==== STUDY MATERIAL

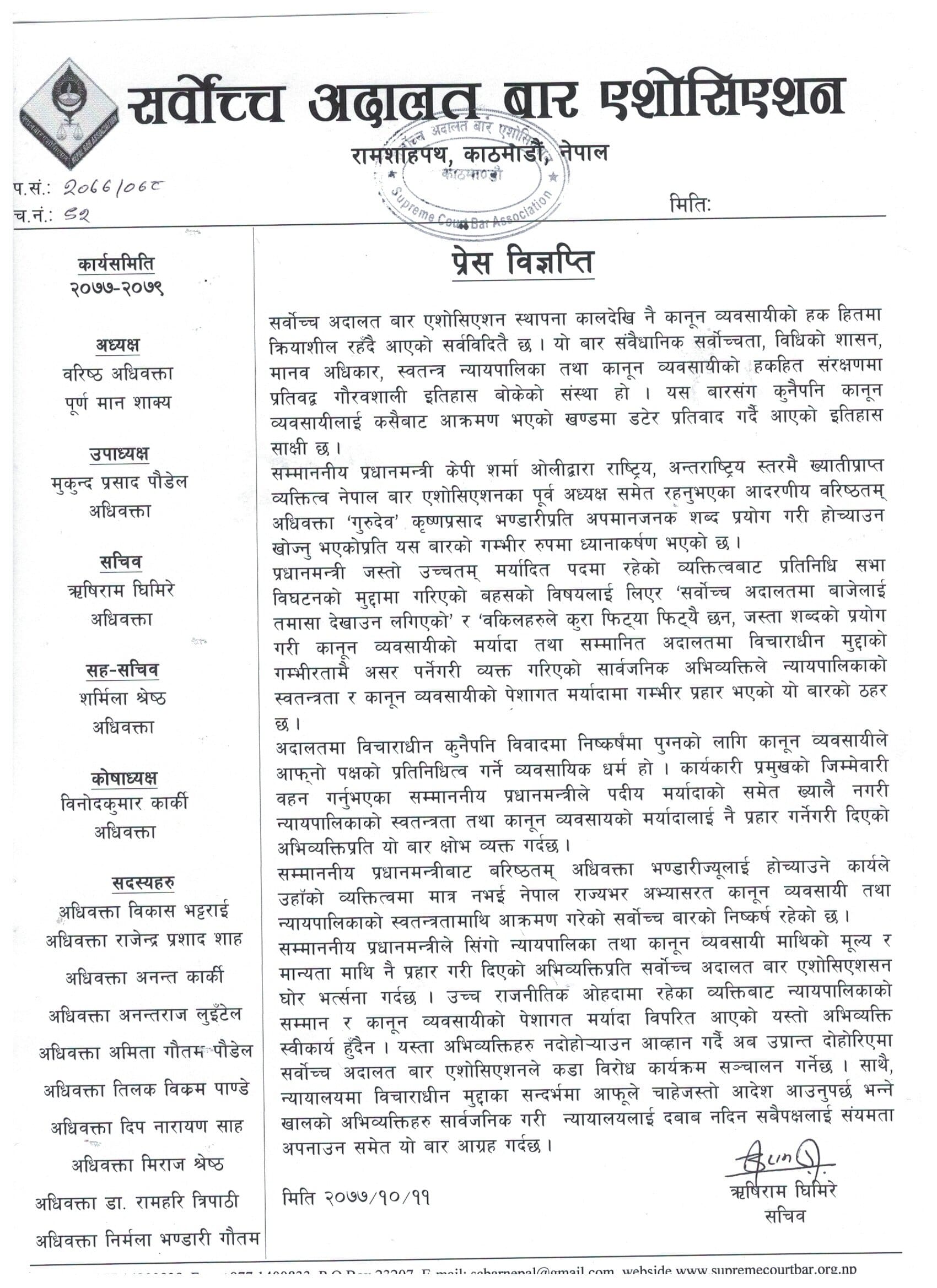 ‘प्रधानमन्त्रीले सिंगो न्यायपालिका तथा कानून व्यवसायी माथिको मूल्य र मान्यतामाथि नै प्रहार गरी दिएको अभिव्यक्तिप्रति सर्वोच्च अदालत बार एशोसिएसन घोर भत्र्सना गर्दछ । उच्च राजनीतिक ओहदामा रहेका व्यक्तिबाट न्यायपालिकाको सम्मान र कानून व्यवसायीको पेशागत मर्यादा विपरित आएको यस्तो अभिव्यक्ति स्वीकार्य हुँदैन’, विज्ञप्तिमा भनिएको छ ।
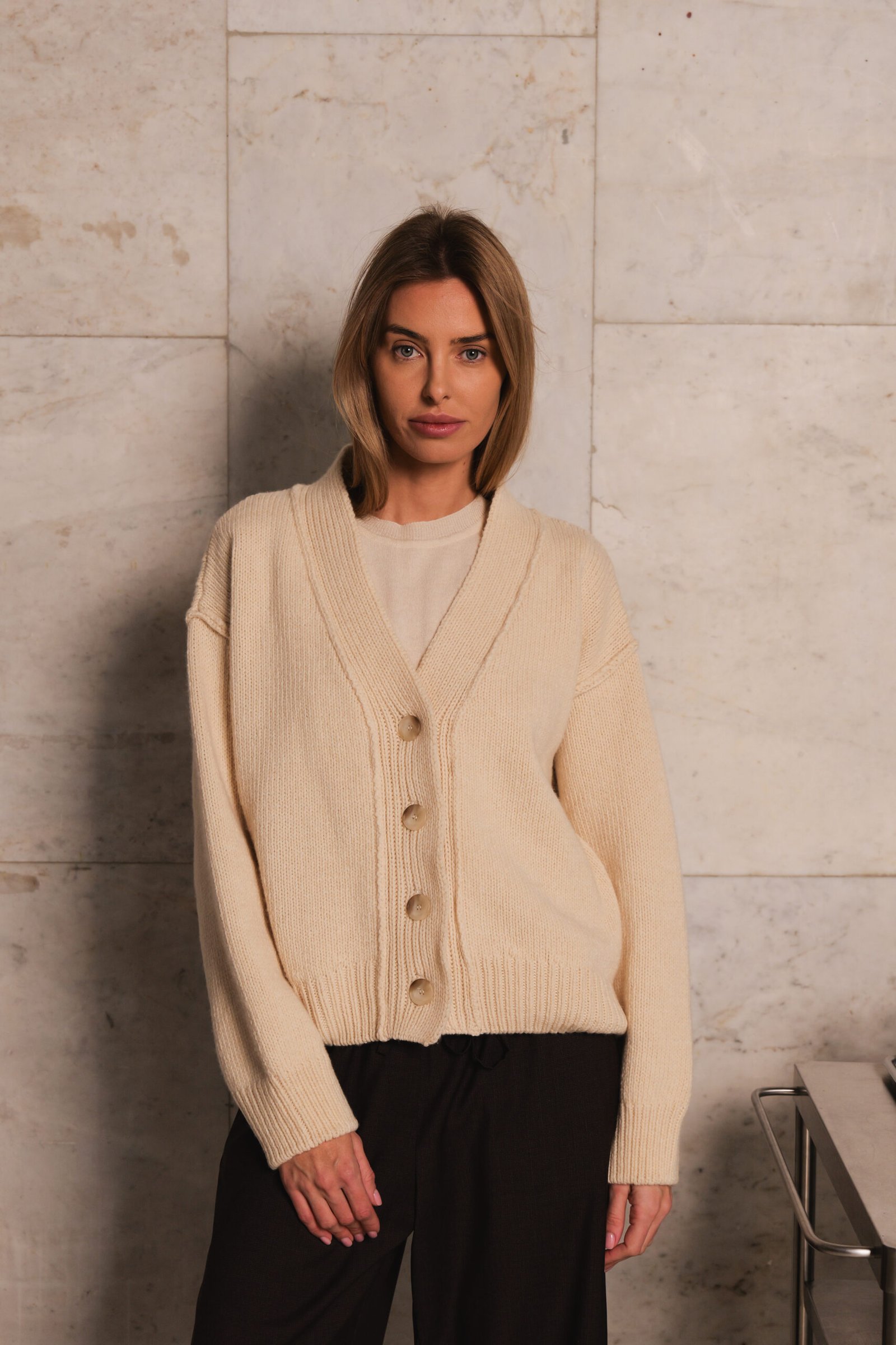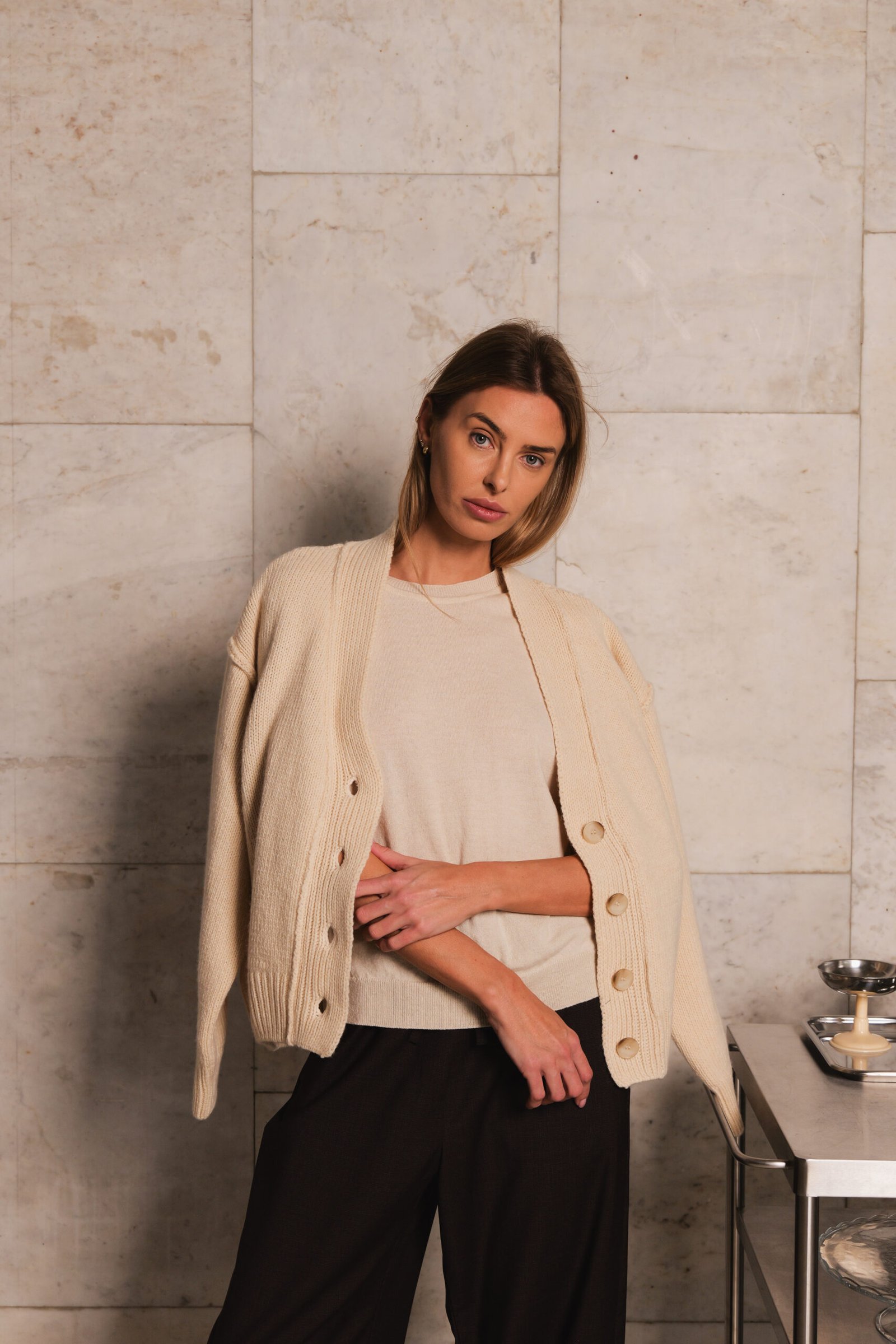 loose fit / long sleeve /above hip length / deep v- neck / button fastening
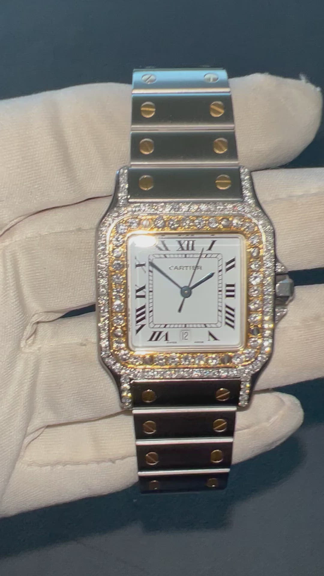 Authentic Pre Owned CARTIER SANTOS GALBEE 29mm Quartz 2 Tone 1.70TCW Diamond Watch NEW Model
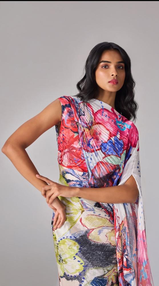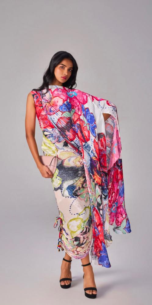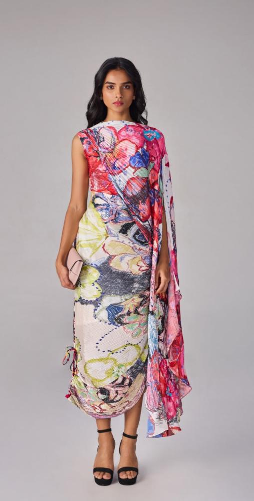 فستان بطبعة زهور تجريدية، مطوي يدويًا بثنيات دقيقة، بطابع كاڤتان، مع طول قابل للتعديل بواسطة أربطة، وقصاصات تدلى من الأكتاف
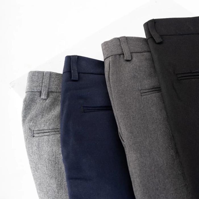 Celana Kantor Formal Pria Slim Fit Mallvose - Bahan Wool Berkualitas Tinggi - Abu, Hitam - Abu Tua, 27
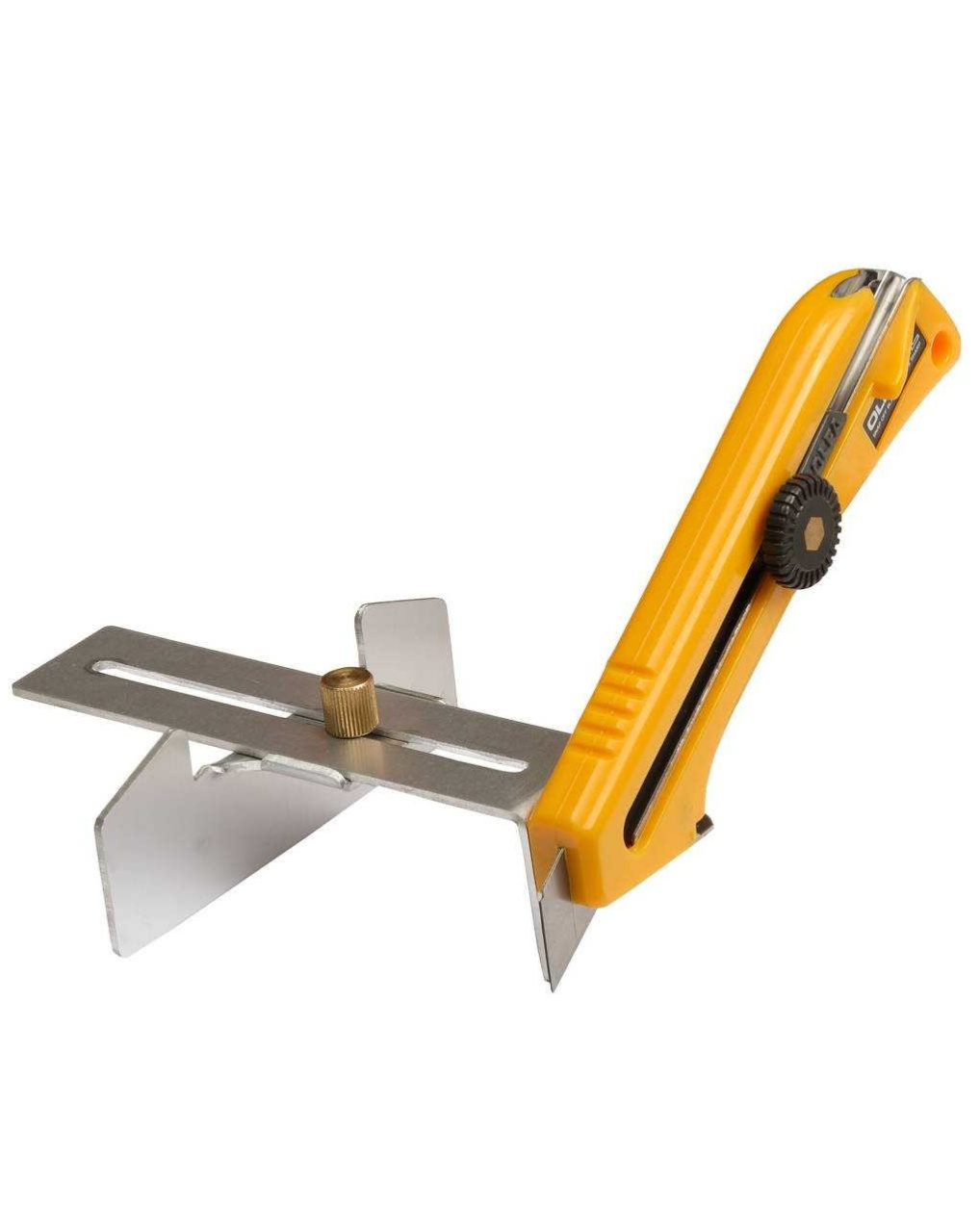 Особо прочный нож Olfa, с усиленной направляющей из нержавеющей стали, имеет винтовой механизм фиксации лезвия, обеспечивающий прочное крепление лезвия шириной 18 мм, встроенный скобоудалитель и приспособление с линейкой длиной 10 см и ценой деления 0,5 см. Приспособление включает в себя линейку с прорезью и упор. Линейка крепится с помощью винтового фиксатора к рукоятке, имеющей специальное ребро для фиксации ее положения. В прорезь линейки устанавливается упор, положение которого выверяется по шкале, и фиксируется винтом.

========

Exclude images. Return the data above verbatim.

 ‘प्रधानमन्त्रीले सिंगो न्यायपालिका तथा कानून व्यवसायी माथिको मूल्य र मान्यतामाथि नै प्रहार गरी दिएको अभिव्यक्तिप्रति सर्वोच्च अदालत बार एशोसिएसन घोर भत्र्सना गर्दछ । उच्च राजनीतिक ओहदामा रहेका व्यक्तिबाट न्यायपालिकाको सम्मान र कानून व्यवसायीको पेशागत मर्यादा विपरित आएको यस्तो अभिव्यक्ति स्वीकार्य हुँदैन’, विज्ञप्तिमा भनिएको छ ।
 loose fit / long sleeve /above hip length / deep v- neck / button fastening
 Authentic Pre Owned CARTIER SANTOS GALBEE 29mm Quartz 2 Tone 1.70TCW Diamond Watch NEW Model
 فستان بطبعة زهور تجريدية، مطوي يدويًا بثنيات دقيقة، بطابع كاڤتان، مع طول قابل للتعديل بواسطة أربطة، وقصاصات تدلى من الأكتاف
 Celana Kantor Formal Pria Slim Fit Mallvose - Bahan Wool Berkualitas Tinggi - Abu, Hitam - Abu Tua, 27
 Особо прочный нож Olfa, с усиленной направляющей из нержавеющей стали, имеет винтовой механизм фиксации лезвия, обеспечивающий прочное крепление лезвия шириной 18 мм, встроенный скобоудалитель и приспособление с линейкой длиной 10 см и ценой деления 0,5 см. Приспособление включает в себя линейку с прорезью и упор. Линейка крепится с помощью винтового фиксатора к рукоятке, имеющей специальное ребро для фиксации ее положения. В прорезь линейки устанавливается упор, положение которого выверяется по шкале, и фиксируется винтом.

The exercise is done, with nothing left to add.